# Fare un backup del sistema

## millennio

Un howto che spiega come fare backup di tutto il sistema operativo su DVD o CD e poi come si fa per farlo ripartire in caso di perdita di file.

Grazie

----------

## silian87

 *Quote:*   

> x fedeliallalinea

 

whahahhaa quanto lavoro qui' vero ?!?!?   :Laughing: 

----------

## marco86

 *millennio wrote:*   

> Un howto che spiega come fare backup di tutto il sistema operativo su DVD o CD e poi come si fa per farlo ripartire in caso di perdita di file.
> 
> Grazie

 

Hai letto qua  :Question:   :Question: 

----------

## fedeliallalinea

@millenio: metti un titolo al post che indichi il tuo problema. Leggi il post linkato da marconordkapp e se dopo hai ancora problemi domanda pure

----------

## theRealMorpheu5

Mah, non dovrebbe essere difficile: ti fai i pacchetti di tutti i programmi che hai installato (e qui rimando la palla a chi sa i comandi  :Very Happy:  ), li masterizzi e alla prossima installazione ti basta buttare su il CD/DVD e fare emerge -k <nomepacchetto>. O mi sbaglio?

----------

## marco86

 *theRealMorpheu5 wrote:*   

> Mah, non dovrebbe essere difficile: ti fai i pacchetti di tutti i programmi che hai installato (e qui rimando la palla a chi sa i comandi  ), li masterizzi e alla prossima installazione ti basta buttare su il CD/DVD e fare emerge -k <nomepacchetto>. O mi sbaglio?

 

si credo di si, leggi il link che ho postao! ti fai un tar di tutti i tuoi pacchetti, gli masterizzi, e se hai qualcosa che non va, con il domando export setti il percocorso al cdrom, poi fai emerge -k nome pacchetto, e te lo prende dal cd!

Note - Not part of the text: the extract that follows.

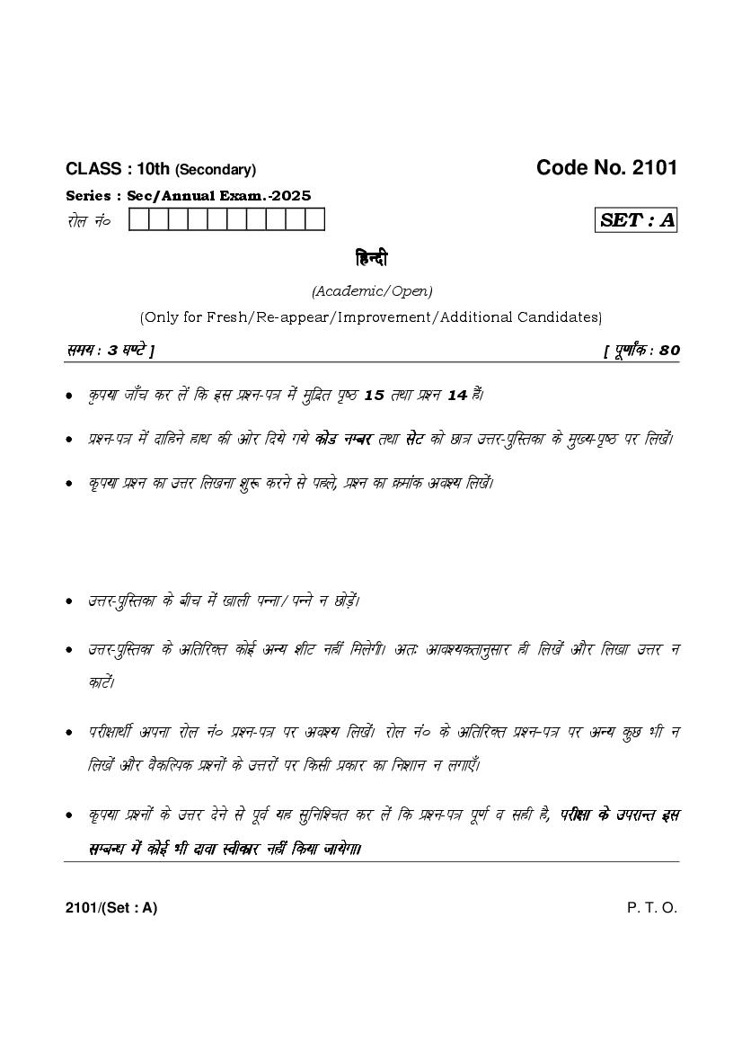 HBSE Class 10 Question Paper 2025 Hindi View Download

cmq se leggi il link che ho dato prima, ti chiarisci molto le idee  :Wink: 

----------

## fedeliallalinea

Oltre a quello dovrebbe fare il backup dei dati.

----------

## randomaze

 *millennio wrote:*   

> Re: x fedeliallalinea (CI FAI UN HOWTO PER NOI NEWBYE)???

 

IMHO sarebbe il caso di fare un howto sul come funziona la ricerca nel forum. 

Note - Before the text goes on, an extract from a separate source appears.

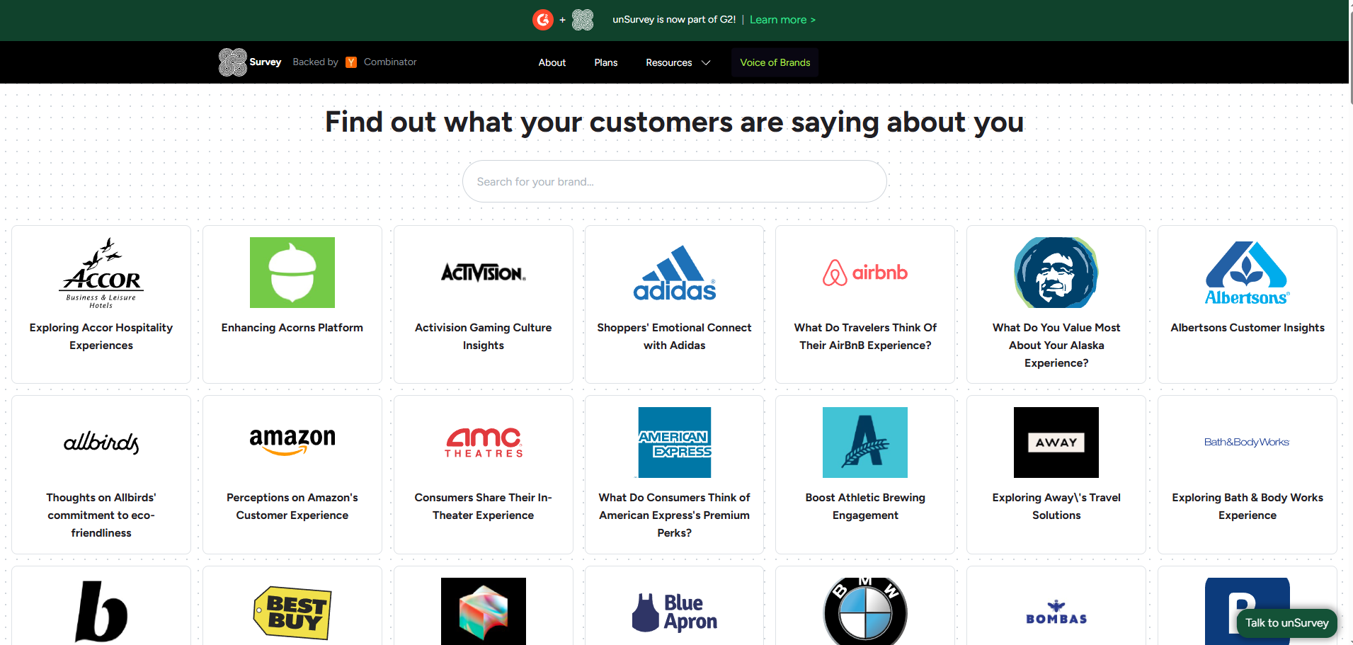 On June 10th, 2025, G2 announced they had acquired unSurvey, what they called a "YCombinator-backed, multi-agent AI system that conducts human-like, AI-moderated conversational-based interviews."

L'argomento dei backup é stato trattato più volte,sia  nel post ricordato da marconordkapp ma anche in svariati altri post... sia nel caso di un backup pacchetto per pacchetto e sia nel caso di intere partizioni.

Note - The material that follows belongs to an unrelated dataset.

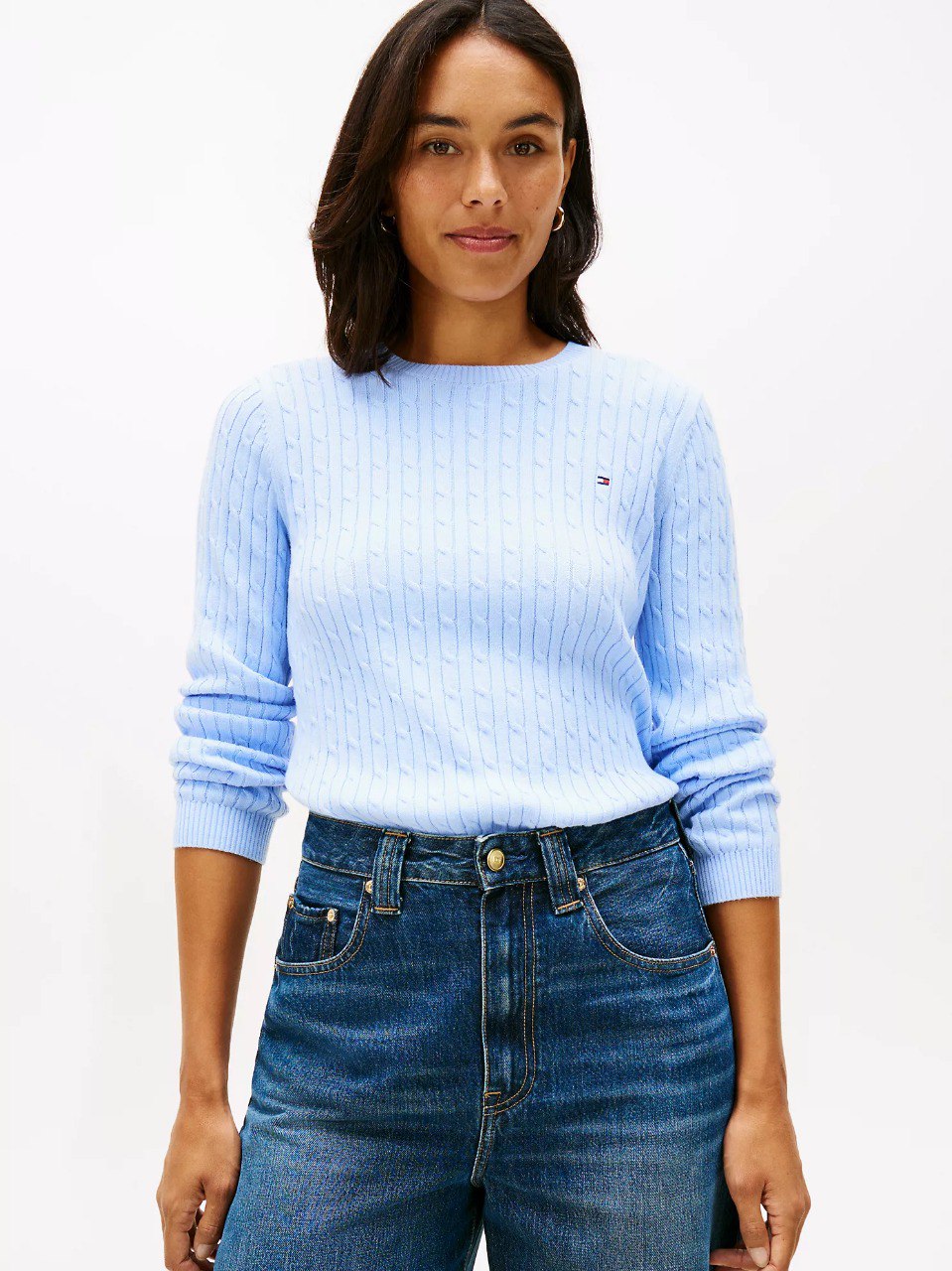 Tommy Hilfiger women’s sweater. Made from premium cotton in a flattering, easy fit, our lightweight long-sleeve cable knit sweater is a soft, comfortable layer.

Il fatto che alle volte le "informazioni utili" per il nostro progetto siano frammentate in più post non dovrebbe essere un impedimenti, infatti con un poco di impegno si può cercare di capire i meccanismi descritti, metterli insieme, trovare la soluzione e poi scrivere da soli un nuovo howto.

Se poi ci sono dei problemi o dei dubbi sul meccanismi si chiede.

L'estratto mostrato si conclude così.